Work instruction ::
Without including any pictures, give back all of the data exactly.

(Records from a data source)

━━━━━━━━━━━━━━━━━━━━

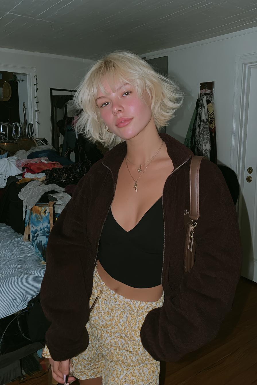 Ein zerzauster, heller Bob, ein dunkles Top und eine gemütliche Jacke treffen auf ein ungeordnetes Zimmer; der spontane Moment vermittelt Unbefangenheit.
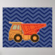 Poster Camion de vidage sur chevron zigzag - bleu
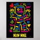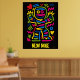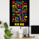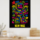 Helles neon-Mumie-Poster in fluoreszierenden Streifen aus Rosa, Blau, Gelb und Grün verpackt. Ein Pop-Design aus der Neon Noise Collection, das sich ideal für Halloween-Partys, Kinderzimmer oder eine lebendige moderne Wanddekoration eignet.
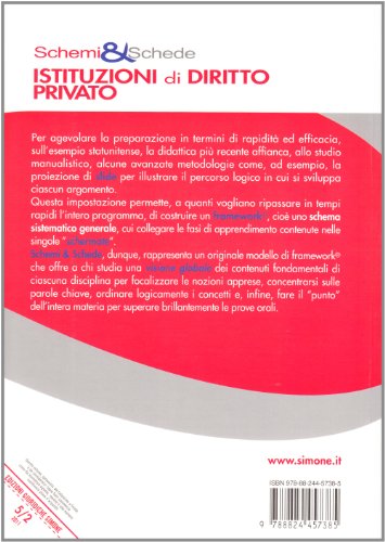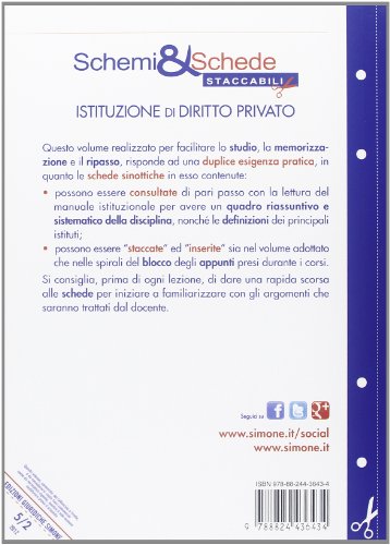 Questo volume, realizzato per facilitare lo studio, la memorizzazione e il ripasso, risponde ad una duplice esigenza pratica, in quanto le schede sinottiche in esso contenute: possono essere consultate di pari passo con la lettura del manuale istituzionale per avere un quadro riassuntivo e sistematico della disciplina, nonché le definizioni dei principali istituti; possono essere “staccate” ed “inserite” sia nel volume adottato che nelle spirali del blocco degli appunti presi durante i corsi. Si consiglia, prima di ogni lezione, di dare una rapida lettura alle schede per iniziare a familiarizzare con gli argomenti che saranno trattati dal docente.
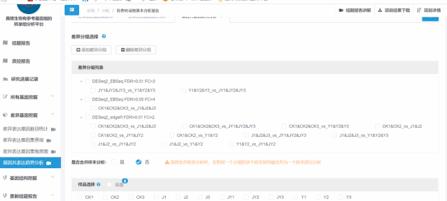 DEseq2軟件適用于有生物學重復的項目,edgeR適用于無生物學重復的項目,選擇第一個,系統(tǒng)會自動識別項目類型選擇對應的軟件
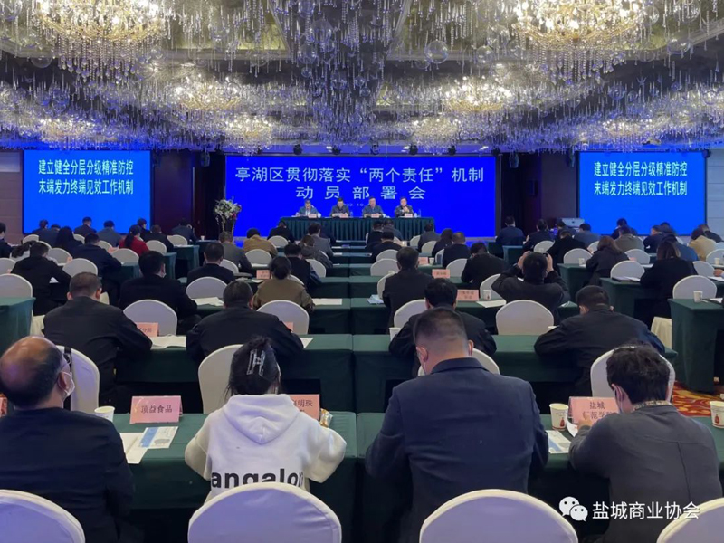10月14日上午十点,亭湖区贯彻落实“两个责任” 机制动员部署会暨省级食品安全示范区迎查冲刺会在江苏宏派国际大酒店隆重举行,出席会议的有:区委区政府各级领导,区职能部门分管负责人和业务科室负责人,各镇(街道)、新洋经济区、农副产品加工交易园区、商业街管委会分管负责人及具体负责人员等。盐城市商业协会虞加军会长参加会议并在大会上作交流发言。

━━━━━━━━━━━━━━━━━━━━

Result of the task ::
 Ein zerzauster, heller Bob, ein dunkles Top und eine gemütliche Jacke treffen auf ein ungeordnetes Zimmer; der spontane Moment vermittelt Unbefangenheit.
 Poster Camion de vidage sur chevron zigzag - bleu
 Helles neon-Mumie-Poster in fluoreszierenden Streifen aus Rosa, Blau, Gelb und Grün verpackt. Ein Pop-Design aus der Neon Noise Collection, das sich ideal für Halloween-Partys, Kinderzimmer oder eine lebendige moderne Wanddekoration eignet.
 Questo volume, realizzato per facilitare lo studio, la memorizzazione e il ripasso, risponde ad una duplice esigenza pratica, in quanto le schede sinottiche in esso contenute: possono essere consultate di pari passo con la lettura del manuale istituzionale per avere un quadro riassuntivo e sistematico della disciplina, nonché le definizioni dei principali istituti; possono essere “staccate” ed “inserite” sia nel volume adottato che nelle spirali del blocco degli appunti presi durante i corsi. Si consiglia, prima di ogni lezione, di dare una rapida lettura alle schede per iniziare a familiarizzare con gli argomenti che saranno trattati dal docente.
 DEseq2軟件適用于有生物學重復的項目,edgeR適用于無生物學重復的項目,選擇第一個,系統(tǒng)會自動識別項目類型選擇對應的軟件
10月14日上午十点,亭湖区贯彻落实“两个责任” 机制动员部署会暨省级食品安全示范区迎查冲刺会在江苏宏派国际大酒店隆重举行,出席会议的有:区委区政府各级领导,区职能部门分管负责人和业务科室负责人,各镇(街道)、新洋经济区、农副产品加工交易园区、商业街管委会分管负责人及具体负责人员等。盐城市商业协会虞加军会长参加会议并在大会上作交流发言。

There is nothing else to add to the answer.